Theoretically, dual-target CAR- T cell therapy is stimulated by two antigens, which raises the question of whether patients will have stronger CAR-T cell activation than single-target CAR-T cells, resulting in a higher incidence of adverse events than single-target CAR-T cells?

Available data suggest that the incidence of grade 1-2 CRS is similar between single-target CAR-T cell and dual-target CAR-T cell therapy. Among the available reported studies, grade 3-4 CRS was not reported in two of nine clinical trials (22.2%) of single-target CAR-T cell therapy, while grade 3-4 CRS was not reported in three of eight clinical trials (37.5%) of dual-target CAR-T cells. In addition, grade 3-4 CRS was not reported in 42.9% (3/7) of single-target CAR-T cell clinical trials neurotoxicity (NT), while 50% (4/8) of dual-target CAR-T cells did not report grade 3-4 NT.

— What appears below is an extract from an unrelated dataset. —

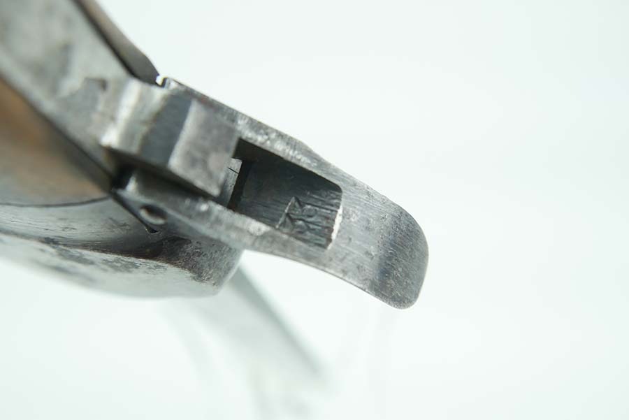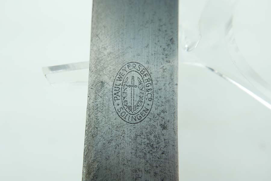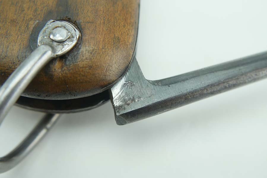 11/8/24 – This is an original Takedown style Luftwaffe Gravity Knife. The takedown style knives are the earlier wartime variation of Gravity knife and feature a square button for easily disassembly and repair. The knife is fully functional with properly locking pick and blade. The blade shows signs of use and sharpening along the edge. There’s surface oxidation and aging patina throughout the blade and pommel. The blade is maker stamped by Paul Weyersberg. The pommel still shows some traces of original finish, and more of the blued finish is found on the sides and on the release lever. The side pick is Waffen stamped, as shown. The wood is in great condition with some mild surface wear. The internal parts are matching numbered “33”.

A simple comparison shows that dual-target CAR-T cell therapy did not produce more severe CRS and NT, but rather lower, compared with single-target CAR-T cell therapy. Considering the sample size, the different clinical indications and the management of CRS and NT in the early phase of CAR-T cell therapy, it seems that more studies are needed to confirm this conclusion.

Summary

Although CAR-T cell therapy has achieved excellent results in hematologic malignancies, the problem of relapse remains critical. To overcome the tumor immune evasion of CAR-T cell therapy, multi-target CAR-T cell therapy has become a hot topic of current research. The efficacy of dual-target CAR-T cell therapy has been demonstrated in some clinical trials, and the safety seems to be superior to that of single-target CAR-T cells, with a lower incidence of both severe CRS and NT.

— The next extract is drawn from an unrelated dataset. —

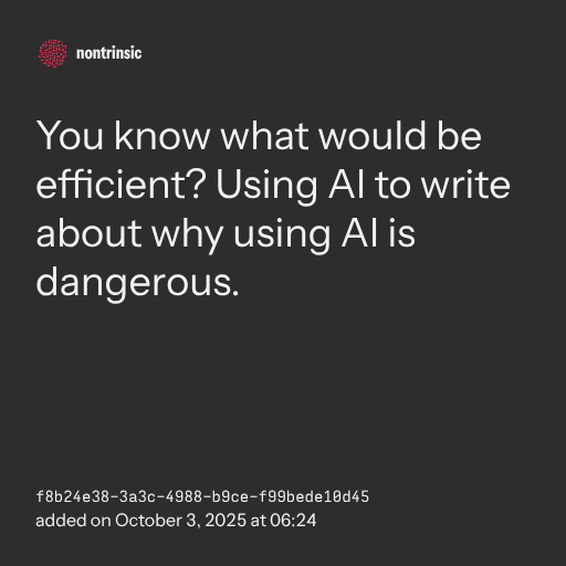 partagerYou know what would be efficient? Using AI to write about why using AI is dangerous.

However, further optimization of CAR target selection and CAR structure is still needed to achieve 1+1>2 in dual-target CAR-T cell therapy. In conclusion, dual-target CAR-T cell therapy is still at an early stage of development and needs to be supported by more preclinical and clinical trial data, and it is believed that it will play a unique and critical role in tumor immunotherapy in the future.

Reference

1. Xie, Bailu, et al. “Current status and perspectives of dual-targeting chimeric antigen receptor T-cell therapy for the treatment of hematological malignancies.” Cancers 14.13 (2022): 3230.